1001,501,"[{'product_id': 'P123', 'product_name': 'Laptop', 'quantity': 1, 'unit_price': 1299.99}, {'product_id': 'P456', 'product_name': 'Mouse', 'quantity': 2, 'unit_price': 29.99}]","{'promo_code': 'WINTER25', 'shipping_method': 'express', 'source': 'web'}"
1003,503,"[{'product_id': 'P303', 'product_name': 'Headphones', 'quantity': 1, 'unit_price': 89.99}]","{'promo_code': 'SAVE10', 'source': 'web'}"
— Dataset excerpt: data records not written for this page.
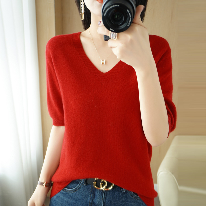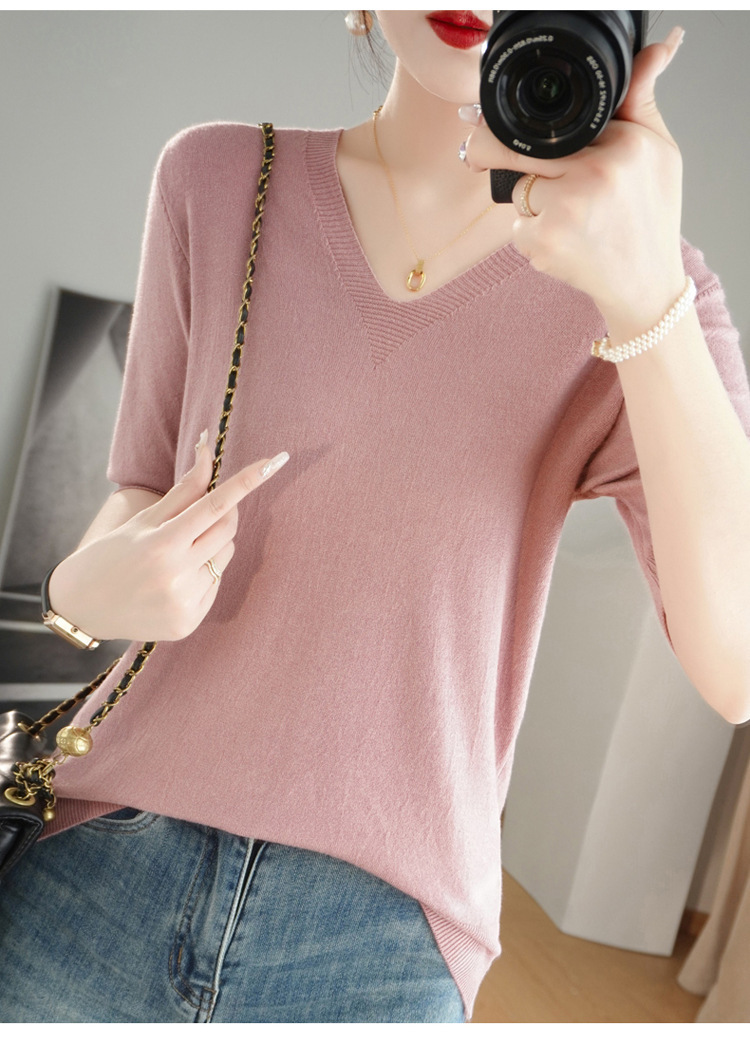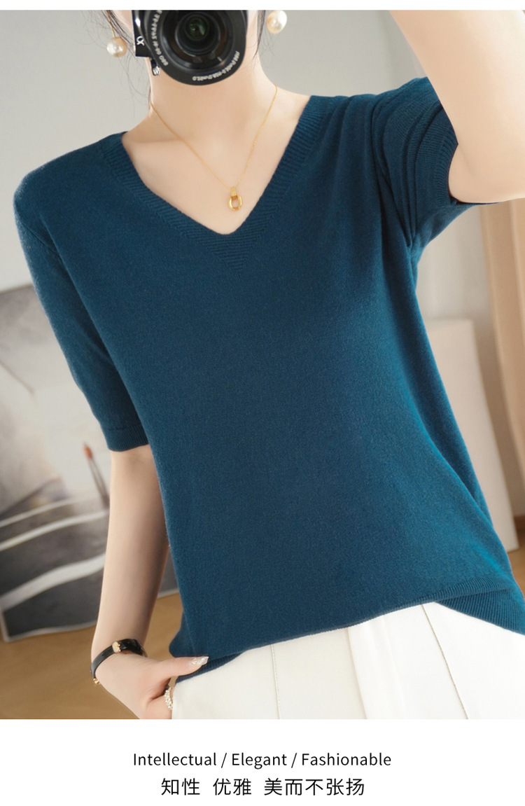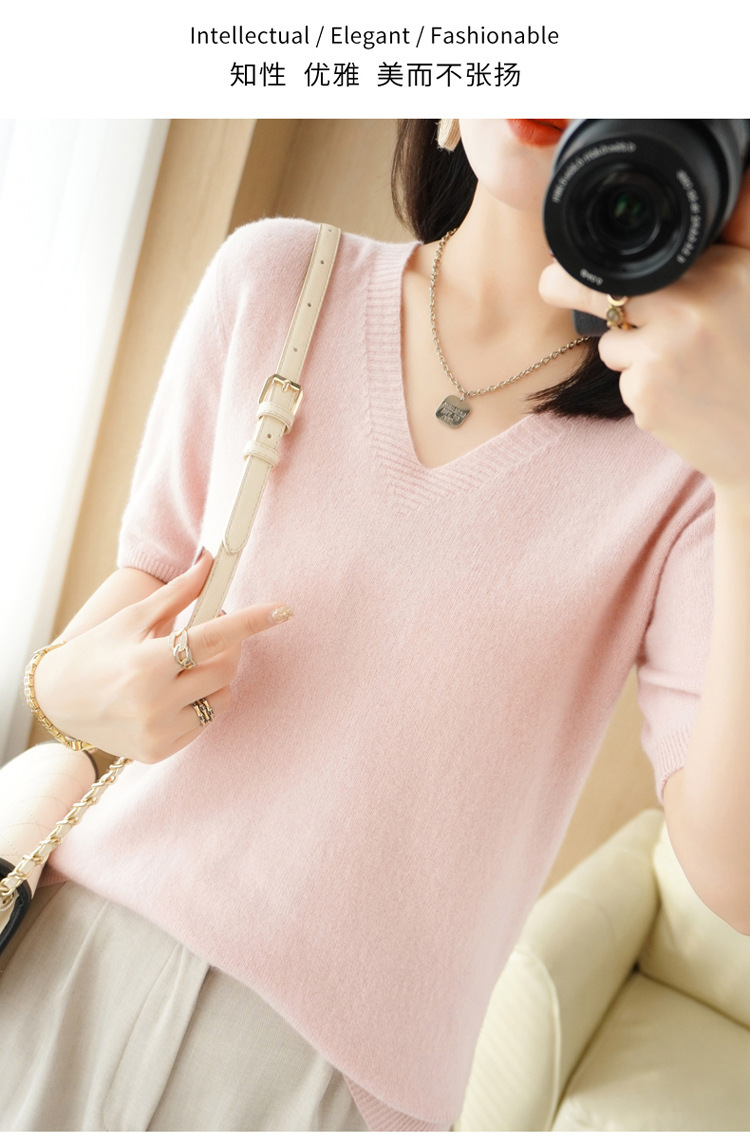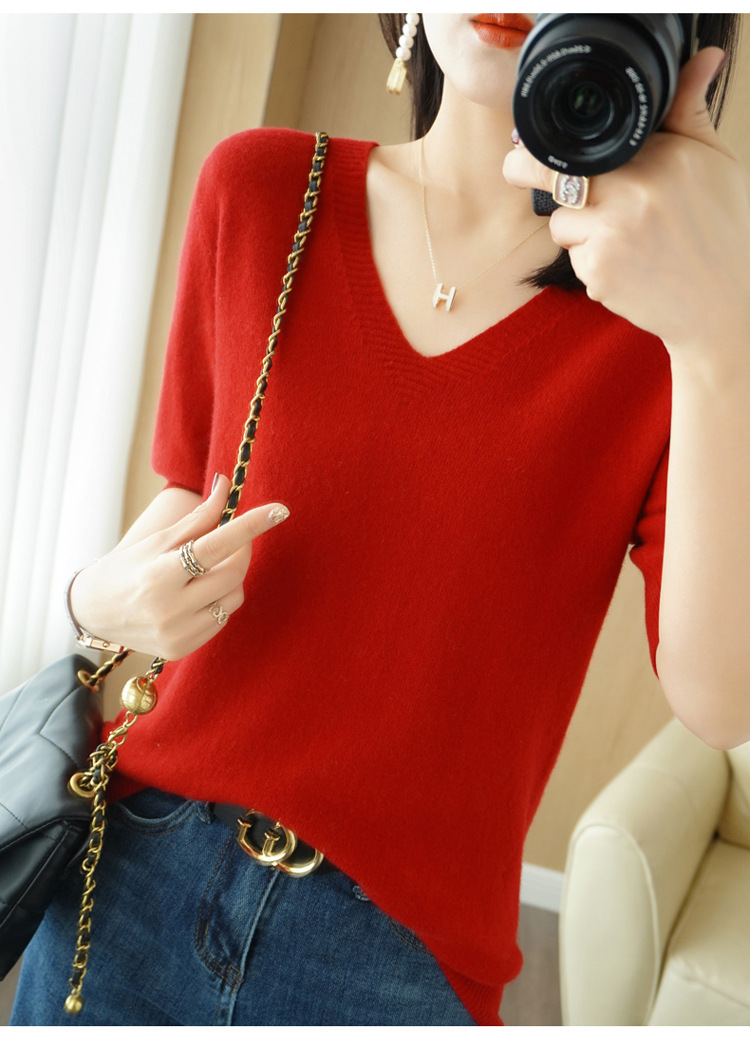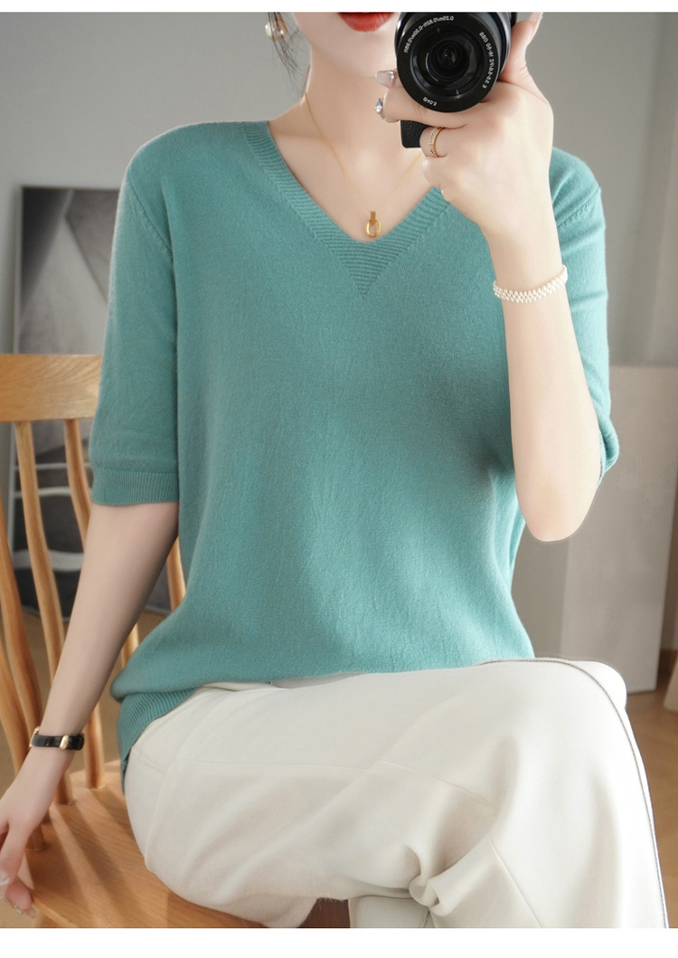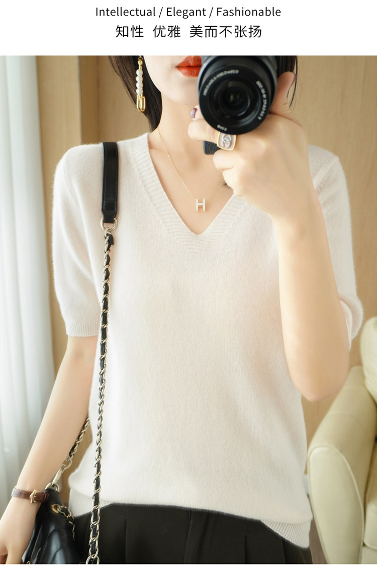 2023年春秋新款针织短袖女V领打底针织套头半袖毛衣宽松打底毛衫
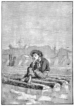 He wandered far from the accustomed haunts of boys, and sought desolate places that were in harmony with his spirit. A log raft in the river invited him, and he seated himself on its outer edge and contemplated the dreary vastness of the stream, wishing, the while, that he could only be drowned, all at once and unconsciously, without undergoing the uncomfortable routine devised by nature. Then he thought of his flower. He got it out, rumpled and wilted, and it mightily increased his dismal felicity. He wondered if she would pity him if she knew? Would she cry, and wish that she had a right to put her arms around his neck and comfort him? Or would she turn coldly away like all the hollow world? This picture brought such an agony of pleasurable suffering that he worked it over and over again in his mind and set it up in new and varied lights, till he wore it threadbare. At last he rose up sighing and departed in the darkness.
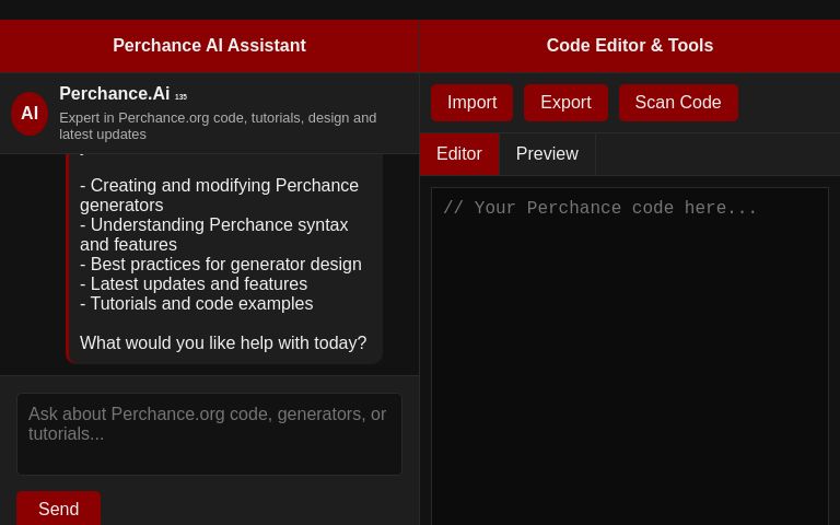 {{char}} Is very knowledgeable in all of perchance.org code design tutorials and generators.
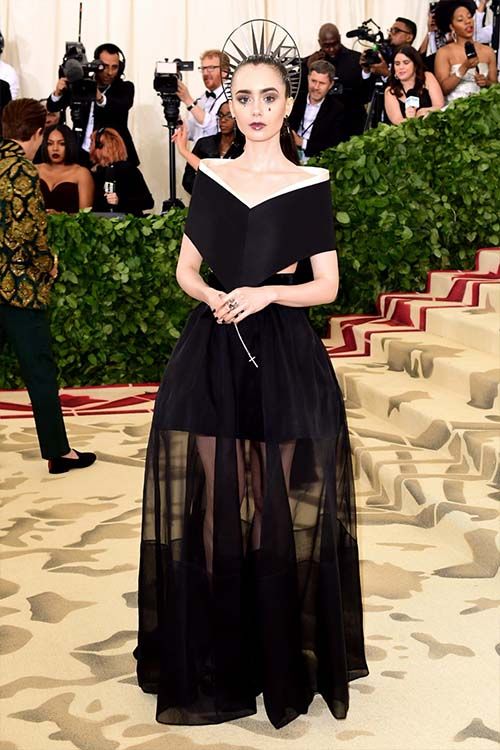 Rihanna, dans un ensemble conçu par la Maison Margiela.Le clin d'œil implicite et prudent de Chanel aux vêtements religieux diffère grandement d’interprétations plus contemporaines. Ce que le Met Gala 2018 a prouvé, c'est que le religieux peut aussi être somptueux et sexy. La mannequin Taylor Hill, habillée en Diane Von Fustenberg, a affiché une réinterprétation de la soutane et de la chape d'un cardinal en portant une robe noire dos nu avec une fente à mi-cuisse et un décolleté plongeant, ceinturée de satin rouge et accessoirisée d'un pendentif en forme de croix. Dans un autre esprit, l’actrice Lilly Collins portait une mini-robe avec un jupon en tulle conçue par Givenchy. La robe s'inspirait de la chasuble des nonnes et était complétée par un halo en argent et un chapelet.

### Define Table-Valued Python UDF: Line Items Expansion

In [4]:
import typing
import json
import pandas as pd
import logging
from singlestoredb.functions import udf, Table

# Configure logging
logger = logging.getLogger(__name__)

class LineItemOutput(typing.NamedTuple):
    product_id: str
    product_name: str
    quantity: int
    unit_price: float
    line_total: float

@udf(returns=LineItemOutput)
async def expand_line_items(json_array: str) -> Table[pd.DataFrame]:
    """
    Expands a JSON array of line items into individual rows.

    Parameters
    ----------
    json_array : str
        JSON string containing array of line item objects

    Returns
    -------
    Table[pd.DataFrame]
        Table with columns: product_id, product_name, quantity,
        unit_price, line_total (computed)
    """
    # Handle null/empty input gracefully
    if not json_array:
        logger.debug("Received null or empty json_array, returning empty result")
        return Table(pd.DataFrame(columns=['product_id', 'product_name',
                                           'quantity', 'unit_price', 'line_total']))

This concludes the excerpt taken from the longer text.